Segment Start: DATA FOR ANALYSIS
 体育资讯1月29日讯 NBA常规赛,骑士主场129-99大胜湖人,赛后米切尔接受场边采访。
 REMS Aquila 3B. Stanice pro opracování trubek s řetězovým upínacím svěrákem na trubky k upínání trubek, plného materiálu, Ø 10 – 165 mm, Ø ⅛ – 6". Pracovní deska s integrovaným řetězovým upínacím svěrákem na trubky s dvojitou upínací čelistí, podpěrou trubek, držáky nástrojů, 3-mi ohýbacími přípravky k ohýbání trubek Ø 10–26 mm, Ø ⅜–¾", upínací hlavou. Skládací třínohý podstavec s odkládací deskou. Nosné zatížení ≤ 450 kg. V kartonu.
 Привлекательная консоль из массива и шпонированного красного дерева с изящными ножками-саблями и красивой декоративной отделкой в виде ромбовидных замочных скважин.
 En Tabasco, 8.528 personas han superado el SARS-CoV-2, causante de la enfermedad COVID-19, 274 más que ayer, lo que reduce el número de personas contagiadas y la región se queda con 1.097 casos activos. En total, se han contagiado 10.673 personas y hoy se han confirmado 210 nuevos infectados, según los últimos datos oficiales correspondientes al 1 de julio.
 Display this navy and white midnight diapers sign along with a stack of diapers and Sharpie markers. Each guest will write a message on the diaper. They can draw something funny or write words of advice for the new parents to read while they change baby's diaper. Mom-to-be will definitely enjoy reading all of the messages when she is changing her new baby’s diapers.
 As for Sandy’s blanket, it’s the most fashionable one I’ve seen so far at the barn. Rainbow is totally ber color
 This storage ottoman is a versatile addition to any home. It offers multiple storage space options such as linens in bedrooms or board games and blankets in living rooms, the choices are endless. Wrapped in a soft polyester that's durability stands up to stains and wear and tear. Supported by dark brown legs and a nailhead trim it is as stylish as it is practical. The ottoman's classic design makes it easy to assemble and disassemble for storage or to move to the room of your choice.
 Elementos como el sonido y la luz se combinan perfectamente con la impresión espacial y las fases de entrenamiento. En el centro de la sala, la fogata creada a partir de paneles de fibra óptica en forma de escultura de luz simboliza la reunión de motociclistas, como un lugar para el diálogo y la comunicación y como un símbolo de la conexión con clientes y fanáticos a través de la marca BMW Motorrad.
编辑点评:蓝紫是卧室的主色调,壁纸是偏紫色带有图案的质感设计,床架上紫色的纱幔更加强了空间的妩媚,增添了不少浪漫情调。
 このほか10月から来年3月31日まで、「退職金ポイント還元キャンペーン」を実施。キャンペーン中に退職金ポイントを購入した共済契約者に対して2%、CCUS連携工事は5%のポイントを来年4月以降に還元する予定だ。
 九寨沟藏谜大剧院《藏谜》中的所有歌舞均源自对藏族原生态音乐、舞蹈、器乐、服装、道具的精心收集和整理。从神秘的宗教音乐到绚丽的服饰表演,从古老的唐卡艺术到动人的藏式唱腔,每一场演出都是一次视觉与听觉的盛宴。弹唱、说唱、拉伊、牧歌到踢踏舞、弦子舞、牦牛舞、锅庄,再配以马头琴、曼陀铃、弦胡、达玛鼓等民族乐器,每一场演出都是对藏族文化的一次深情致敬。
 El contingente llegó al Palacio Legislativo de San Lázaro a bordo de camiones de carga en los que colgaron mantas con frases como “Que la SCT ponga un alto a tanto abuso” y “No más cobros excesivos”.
Segment End: DATA FOR ANALYSIS
### TASK PROMPT
Wherever the string "como" appears in the records, copy the whole line.

### TASK OUTPUT
 Elementos como el sonido y la luz se combinan perfectamente con la impresión espacial y las fases de entrenamiento. En el centro de la sala, la fogata creada a partir de paneles de fibra óptica en forma de escultura de luz simboliza la reunión de motociclistas, como un lugar para el diálogo y la comunicación y como un símbolo de la conexión con clientes y fanáticos a través de la marca BMW Motorrad.
 El contingente llegó al Palacio Legislativo de San Lázaro a bordo de camiones de carga en los que colgaron mantas con frases como “Que la SCT ponga un alto a tanto abuso” y “No más cobros excesivos”.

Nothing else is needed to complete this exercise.